Tuesday, June 23, 2009

Bêtes Noires

I was sitting at the kitchen table contemplating my scrambled eggs the other day when I noticed a tiny black bead on my forearm. “What is that?” I asked my beloved spouse. “Looks like a deer tick engorged with blood.” Hmmm. Lovely. Now looking out for the dreaded Lyme disease bullseye thing. I happen to be on antibiotics for a sinus infection so hopefully cephalexin will also take care of any germs the little bugger may have passed on. Apparently, our little corner of the Blue Ridge has an incidence of Lyme disease about 20 times the state average. There are a hell of a lot of deer around here.

The French word for tick, which by coincidence I learned the other night is tique ( in the manner of musique, classique etc.). The author of the novel I mentioned in my last post describes people attaching themselves to cultural crutches like a tique to a fat warm dog. It’s kind of an elegant word for such a nasty little creature. Their existence seems totally unjustified to me, but I suppose they’re food for the birds. Wouldn’t mind getting a few guinea fowl in here to clear them out if I can overcome my distaste for poultry.

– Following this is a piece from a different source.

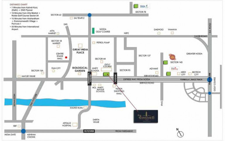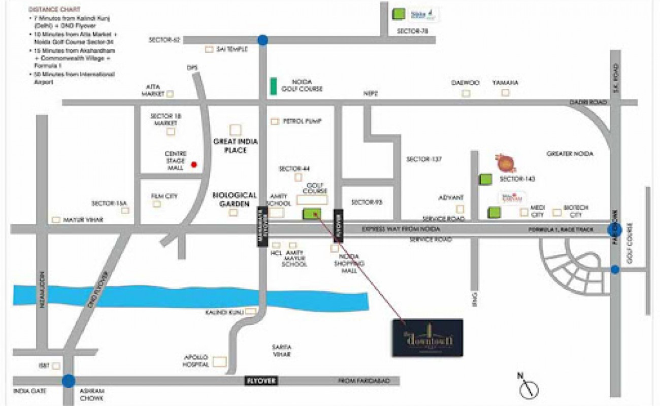 Strategically located, the Downtown is 7 minutes from Kalindi Kunj (Delhi) and DND Flyover, 10 minutes from Atta Market and Noida Golf Course Sector - 34, 15 minutes from Akshardham and 50 minutes from the International Airport.

Unfortunately, they like to hang out in tall grass and we’re not so big on mowing around here. Our trio of riding mowers is still down. But Christian did get out (on father’s day God bless him) and cut the grass immediately surrounding our house with the (now operational) push mower. Just beyond, there remains a vast expanse of knee high blades way beyond the capability of a any kind of lawnmower. This stuff is going to require a real tractor and bushhog, which we’ll have to borrow. There is a nice little close-cropped patch beyond the garden on which the ever lovin’ has set up a horseshoe court. We’re not really horseshoe pitchers around here but somebody passed on an old set, so what the heck. We can have a glass or rosé and pretend we’re playing pétanques at the Place des Lices in Saint Tropez.